4. Resultados empíricos
A motivação inicial de nosso trabalho foi testar a hipótese de que as decisões de política monetária estariam sendo cada vez mais pautadas por questões relativas à atividade econômica, em detrimento do controle inflacionário estrito que seria esperado em um regime de metas de inflação "puro". Em termos do nosso modelo, a hipótese é a de que o parâmetro λy, que representa o peso atribuído aos desvios do produto, relativamente ao peso atribuído à inflação (normalizado para um), estaria ganhando força nos últimos anos. De fato, os resultados empíricos apontam no sentido de confirmação de tal hipótese.

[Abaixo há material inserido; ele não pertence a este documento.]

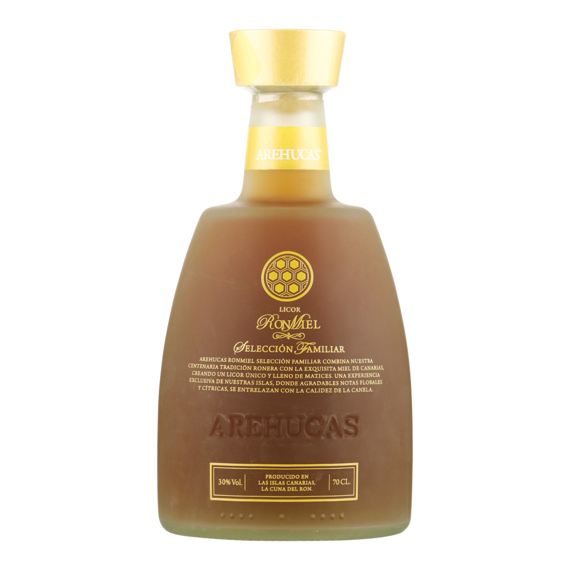 Ron Miel Selección Familiar is een unieke blend van honing en rum. De honing, afkomstig van de Tajinaste-bloem op de Canarische Eilanden, heeft een lichte, florale en fruitige smaak met een subtiele geur.

A segunda coluna Tabela 3 apresenta os resultados para a estimação do modelo utilizando toda a amostra (do segundo trimestre de 2002 ao segundo trimestre de 2013).
Para garantirmos que todos os instrumentos utilizados de fato satisfazem as condições de ortogonalidades assumidas, utilizamos o teste de sobreidentificação de Hansen (estatística J). Em todas as estimações reportadas neste trabalho, a estatística J encontrada ficou distante da área de rejeição da hipótese nula, indicando que o conjunto de instrumentos utilizado é de fato apropriado.10 O valor exato encontrado para as estatísticas J encontram-se na última linha da Tabela 3.

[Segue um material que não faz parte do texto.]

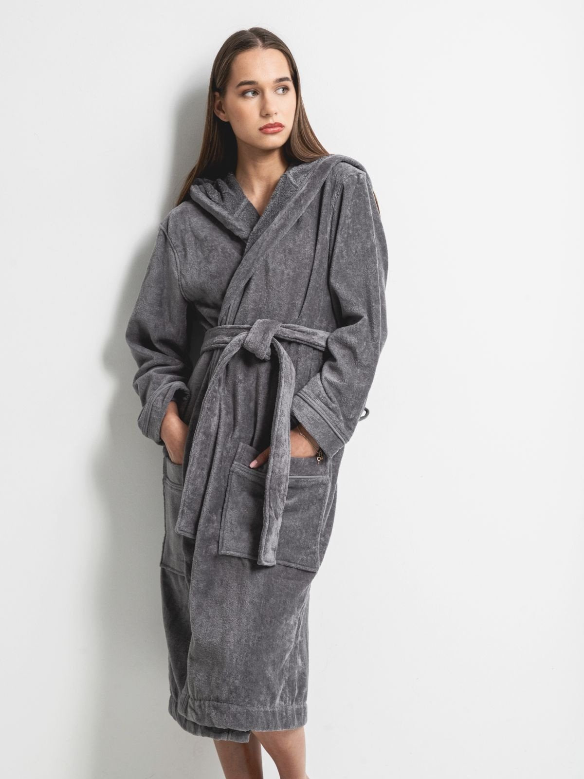 Set: velour hooded robe and large velour towel (90 x 170 cm)

Os resultados indicam que o peso atribuído à suavização da taxa de juros é cerca de dois terços do peso atribuído à inflação, enquanto o parâmetro de suavização do câmbio nominal é cerca de treze vezes inferior à
O resultado obtido diverge daqueles tipicamente encontrados nos trabalhos empíricos sobre a política monetária brasileira após a adoção do regime de metas, tal como, por exemplo, Modenesi (2011). As evidências empíricas encontradas permitem sustentar que o elevado patamar da taxa de juros brasileira, frente aos padrões internacionais, não deve ser justificado como resultado de um Banco Central excessivamente rígido no controle inflacionário, mas sim como fruto de condições estruturais de funcionamento da economia brasileira.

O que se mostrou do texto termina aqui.